§ Task details
Repeat the listing word for word, but skip any pictures.

§ Data for this exercise
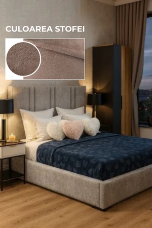 Acest pat tapițat impresionează prin designul modern și materialele de înaltă calitate,
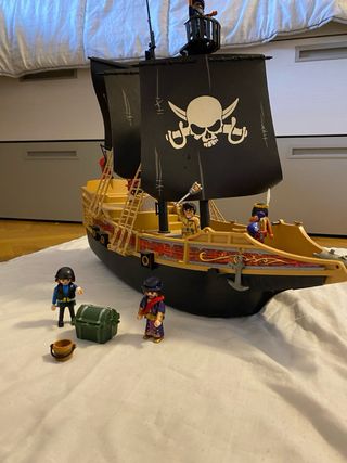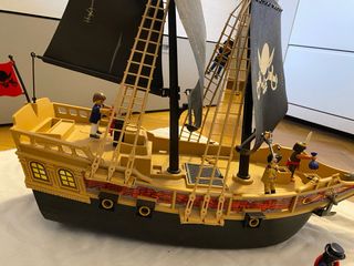 Set de barco pirata Playmobil con varias figuras de piratas. - Barco de juguete con velas negras y bandera pirata. - Incluye figuras de piratas con accesorios. - Ideal para coleccionistas y amantes de Playmobil.
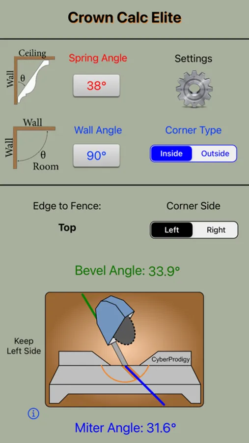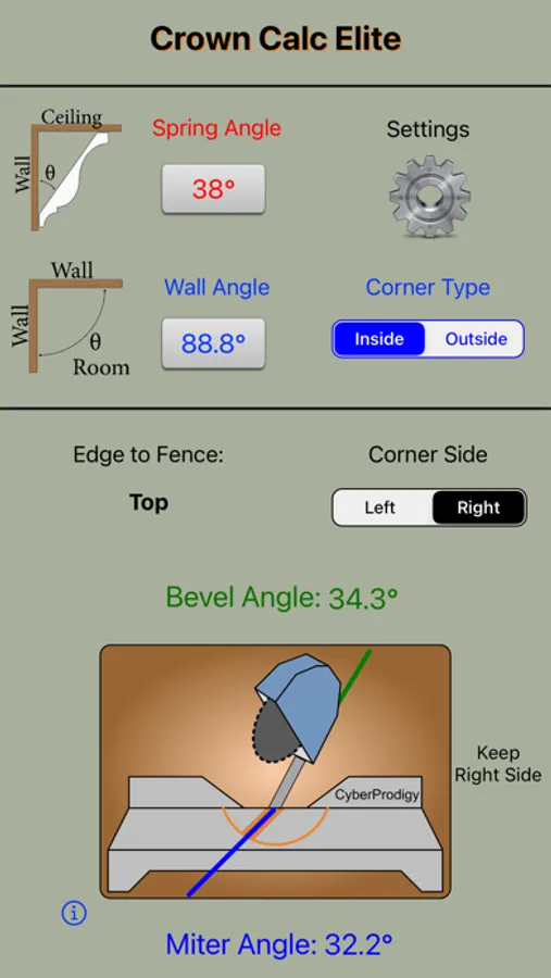 Crown Calc Elite is designed to simplify the task of solving and cutting crown mold angles. Whether you are a do-it-yourselfer or professional tradesman, you'll find this app saves you time and reduces wasted material.
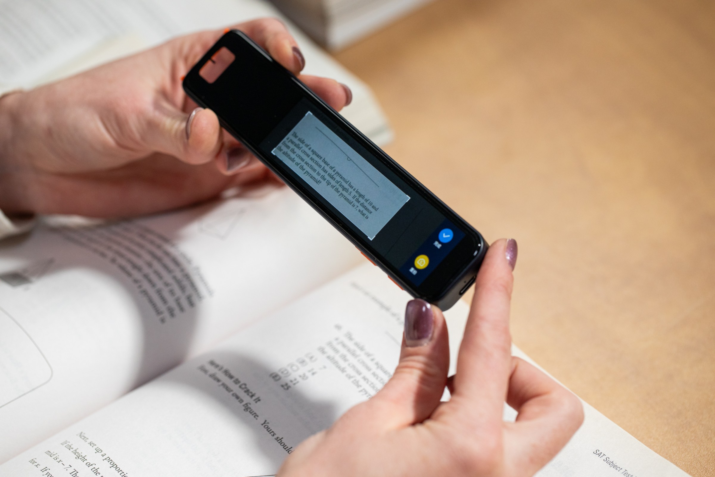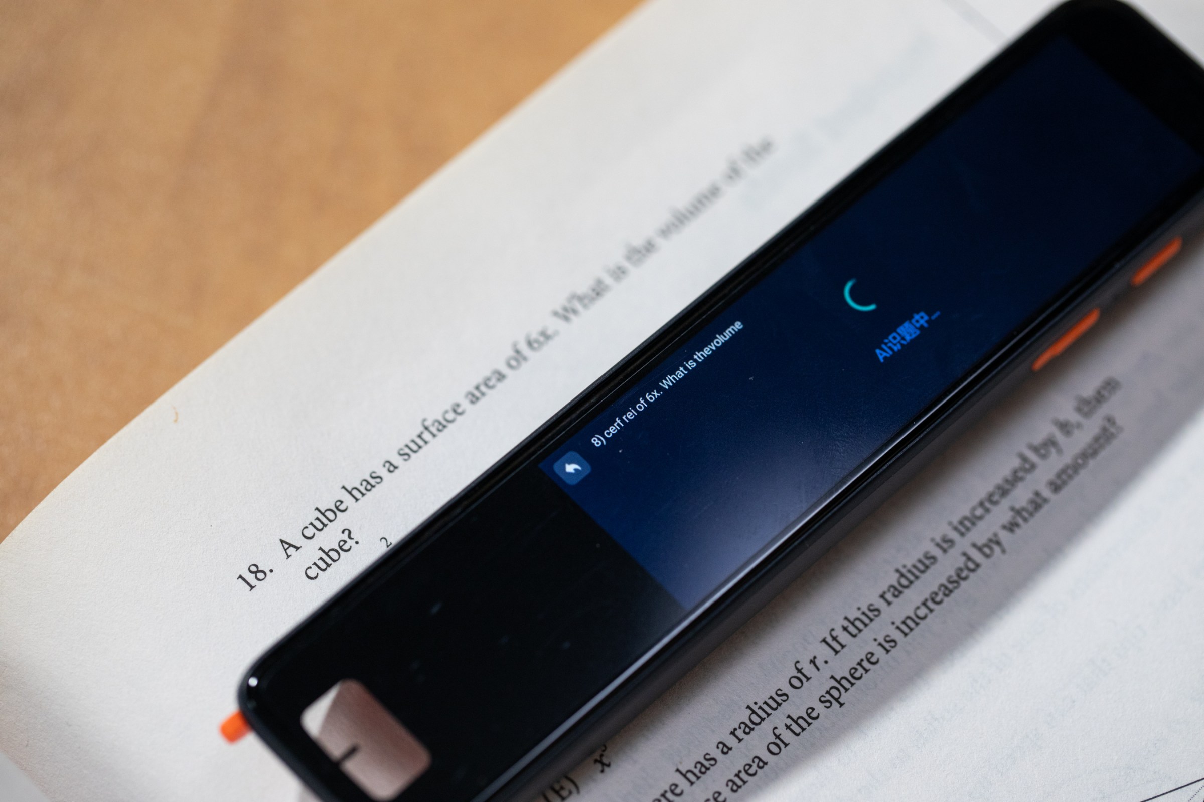 In practice, the gadget is a text scanner. It “reads” the letters on the page using a small camera tucked between two prongs protruding at one end, which turn on a light when depressed against a page. The on-device computer processes the words and uses AI or maybe the internet to churn out an answer.
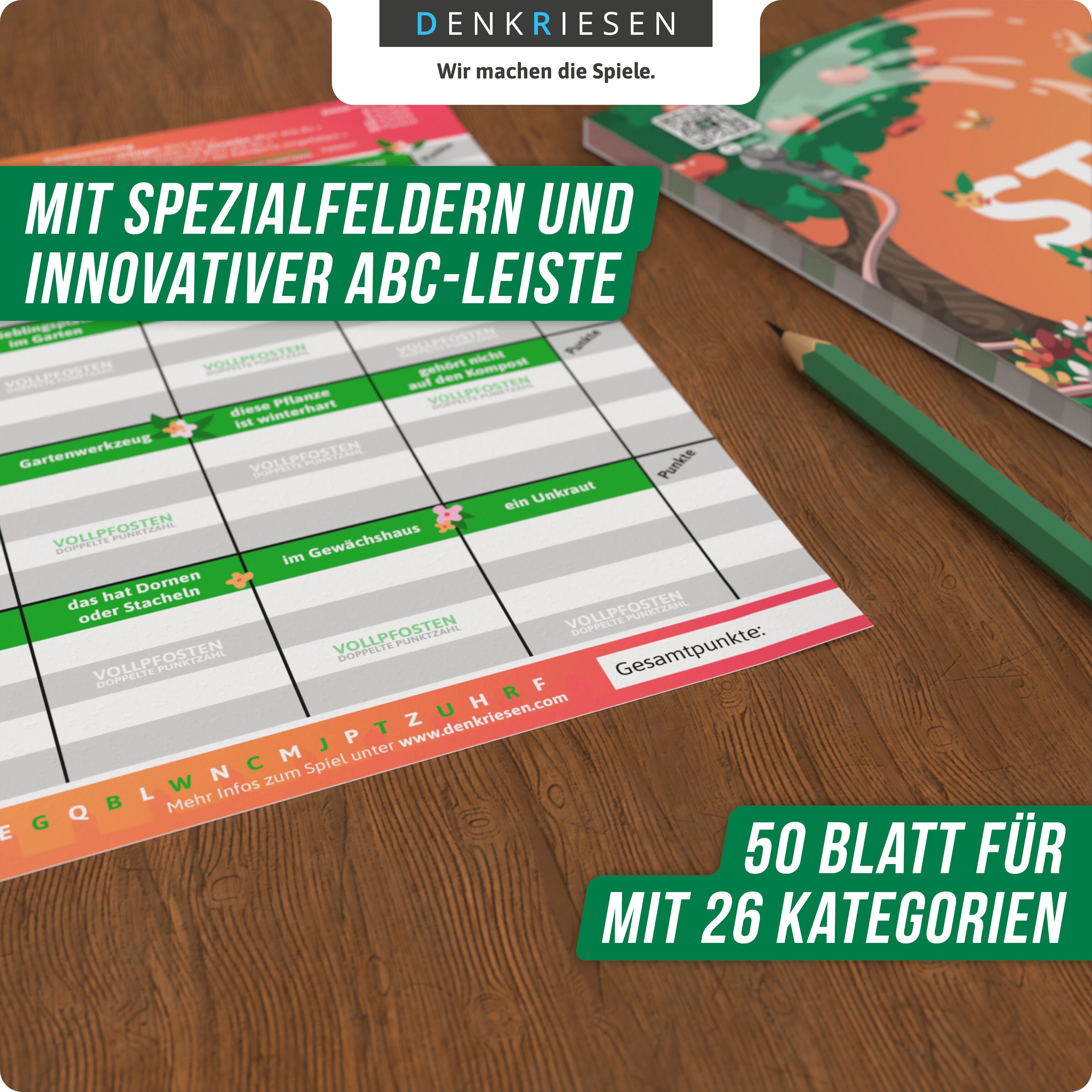 STADT LAND VOLLPFOSTEN® - GARTEN EDITION - ''Alles im Grünen.'' - A4 Die blumige Edition des Kultspiels STADT LAND VOLLPFOSTEN® rund ums Thema Pflanzen und Garten. Dieser Spielblock mit 26 kreativen und lustigen Kategorien bringt jeden Hobbygärtner und sogar G...

§ Answer below
 Acest pat tapițat impresionează prin designul modern și materialele de înaltă calitate,
 Set de barco pirata Playmobil con varias figuras de piratas. - Barco de juguete con velas negras y bandera pirata. - Incluye figuras de piratas con accesorios. - Ideal para coleccionistas y amantes de Playmobil.
 Crown Calc Elite is designed to simplify the task of solving and cutting crown mold angles. Whether you are a do-it-yourselfer or professional tradesman, you'll find this app saves you time and reduces wasted material.
 In practice, the gadget is a text scanner. It “reads” the letters on the page using a small camera tucked between two prongs protruding at one end, which turn on a light when depressed against a page. The on-device computer processes the words and uses AI or maybe the internet to churn out an answer.
 STADT LAND VOLLPFOSTEN® - GARTEN EDITION - ''Alles im Grünen.'' - A4 Die blumige Edition des Kultspiels STADT LAND VOLLPFOSTEN® rund ums Thema Pflanzen und Garten. Dieser Spielblock mit 26 kreativen und lustigen Kategorien bringt jeden Hobbygärtner und sogar G...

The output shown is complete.